Just as telling was what didn't happen. The judge rejected a meaningful share of proposed edits every night, and that was the system working as intended — each rejection was a plausible-sounding inference that would have been silently written into the context document under a naive update scheme. The gate wasn't overhead; it was the reason we could run the loop aggressively at all.

Closing thoughts

With every system in software engineering the work is never really done and that certainly applies to this project. A few things that come to mind in terms of gaps in the system that I wish we had time for.

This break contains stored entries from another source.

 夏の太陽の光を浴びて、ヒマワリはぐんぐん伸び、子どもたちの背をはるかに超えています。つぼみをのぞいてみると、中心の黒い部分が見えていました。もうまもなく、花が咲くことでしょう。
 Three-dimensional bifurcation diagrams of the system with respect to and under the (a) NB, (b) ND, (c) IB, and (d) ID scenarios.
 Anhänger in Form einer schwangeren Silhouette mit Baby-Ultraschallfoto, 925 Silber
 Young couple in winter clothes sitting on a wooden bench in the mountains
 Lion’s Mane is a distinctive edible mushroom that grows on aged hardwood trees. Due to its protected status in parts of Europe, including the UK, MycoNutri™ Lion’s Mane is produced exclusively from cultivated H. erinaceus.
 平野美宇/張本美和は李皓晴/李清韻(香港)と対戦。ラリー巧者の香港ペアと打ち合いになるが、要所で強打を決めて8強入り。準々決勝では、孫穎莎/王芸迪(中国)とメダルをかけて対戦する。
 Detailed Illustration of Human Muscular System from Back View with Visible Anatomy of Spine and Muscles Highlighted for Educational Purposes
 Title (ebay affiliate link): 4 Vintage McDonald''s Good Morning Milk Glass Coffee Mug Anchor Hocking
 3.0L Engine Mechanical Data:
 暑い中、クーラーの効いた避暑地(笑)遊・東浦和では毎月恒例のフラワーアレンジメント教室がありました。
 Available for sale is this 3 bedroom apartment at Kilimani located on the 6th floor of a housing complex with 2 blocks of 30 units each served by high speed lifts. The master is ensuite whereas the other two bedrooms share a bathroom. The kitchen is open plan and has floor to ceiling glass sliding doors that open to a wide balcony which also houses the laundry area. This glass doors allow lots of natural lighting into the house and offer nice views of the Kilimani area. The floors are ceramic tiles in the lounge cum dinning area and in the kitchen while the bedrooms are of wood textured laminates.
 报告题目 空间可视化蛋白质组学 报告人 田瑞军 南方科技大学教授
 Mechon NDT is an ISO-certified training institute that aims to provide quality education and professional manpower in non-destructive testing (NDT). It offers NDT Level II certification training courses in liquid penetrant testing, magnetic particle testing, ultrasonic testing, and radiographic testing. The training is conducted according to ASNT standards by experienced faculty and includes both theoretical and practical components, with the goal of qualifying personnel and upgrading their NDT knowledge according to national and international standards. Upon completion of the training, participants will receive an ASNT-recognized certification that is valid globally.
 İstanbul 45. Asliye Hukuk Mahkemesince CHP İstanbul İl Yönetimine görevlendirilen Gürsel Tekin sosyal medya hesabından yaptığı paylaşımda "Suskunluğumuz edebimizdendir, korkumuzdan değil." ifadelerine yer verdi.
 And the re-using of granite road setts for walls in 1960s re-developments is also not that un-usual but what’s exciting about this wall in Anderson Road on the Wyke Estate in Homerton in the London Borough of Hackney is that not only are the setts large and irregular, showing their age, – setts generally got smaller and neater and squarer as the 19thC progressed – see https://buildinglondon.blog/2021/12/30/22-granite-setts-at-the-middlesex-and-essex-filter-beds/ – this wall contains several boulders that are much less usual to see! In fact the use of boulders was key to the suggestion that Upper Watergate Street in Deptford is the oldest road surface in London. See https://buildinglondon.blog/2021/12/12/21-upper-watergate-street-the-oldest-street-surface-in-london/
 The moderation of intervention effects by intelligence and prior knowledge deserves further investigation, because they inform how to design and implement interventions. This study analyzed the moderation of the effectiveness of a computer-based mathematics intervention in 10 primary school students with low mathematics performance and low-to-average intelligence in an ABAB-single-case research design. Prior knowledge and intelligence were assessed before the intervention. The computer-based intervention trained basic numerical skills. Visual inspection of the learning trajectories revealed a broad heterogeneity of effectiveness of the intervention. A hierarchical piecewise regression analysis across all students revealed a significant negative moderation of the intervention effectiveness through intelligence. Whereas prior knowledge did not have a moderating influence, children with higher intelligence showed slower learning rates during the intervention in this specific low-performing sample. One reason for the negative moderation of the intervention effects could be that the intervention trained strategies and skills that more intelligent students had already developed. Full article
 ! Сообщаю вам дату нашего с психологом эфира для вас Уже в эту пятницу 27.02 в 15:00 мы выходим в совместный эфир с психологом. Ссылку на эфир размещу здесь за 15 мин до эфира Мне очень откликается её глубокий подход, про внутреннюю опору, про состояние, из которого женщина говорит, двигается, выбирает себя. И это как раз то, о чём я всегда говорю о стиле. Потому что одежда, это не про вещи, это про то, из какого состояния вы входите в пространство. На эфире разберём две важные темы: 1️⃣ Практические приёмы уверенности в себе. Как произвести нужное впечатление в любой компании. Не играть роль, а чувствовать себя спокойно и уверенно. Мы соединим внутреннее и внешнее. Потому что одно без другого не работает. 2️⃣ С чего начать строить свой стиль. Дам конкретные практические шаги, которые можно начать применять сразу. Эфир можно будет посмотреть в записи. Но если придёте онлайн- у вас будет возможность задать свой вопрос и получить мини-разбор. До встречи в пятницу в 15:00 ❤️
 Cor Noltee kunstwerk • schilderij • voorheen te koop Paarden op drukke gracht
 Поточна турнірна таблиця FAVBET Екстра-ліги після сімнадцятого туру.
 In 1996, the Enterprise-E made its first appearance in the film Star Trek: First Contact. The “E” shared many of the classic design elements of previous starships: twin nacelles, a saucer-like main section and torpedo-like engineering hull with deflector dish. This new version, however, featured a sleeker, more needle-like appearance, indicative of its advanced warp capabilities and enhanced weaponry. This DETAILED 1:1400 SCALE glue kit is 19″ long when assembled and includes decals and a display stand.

  1. Initialization: There's an irony in the final design — every nightly edit had to survive a replay-and-judge gate, but the initial context document, the foundation everything else amended, was accepted on a single LLM call's word. The initialization workflow deserved the same treatment: replay drafts against the user's historical sent mail and validate the composed context before ever trusting it.
  2. Cadence: In addition to the reasons above, the nightly was chosen because felt like the right starting point, not because a day is provably the right learning interval. A heavy email user generates enough sent-draft pairs to learn from by lunchtime; a light user might need a week to produce one meaningful signal. An adaptive cadence — triggered by accumulated pairs rather than the clock — probably serves both better than a fixed schedule serves either.
  3. Prompts: The whole system rested on three prompts we largely hand-tuned and eyeballed. The judge is the sharpest edge: it's an LLM whose verdicts we treated as ground truth, but we never rigorously measured it against human preferences, or checked it for the known failure modes of LLM-as-judge setups like positional or length bias. Given that we'd already built GEPA and evals for prompt optimization, pointing it at these three prompts was an obvious move we never got to.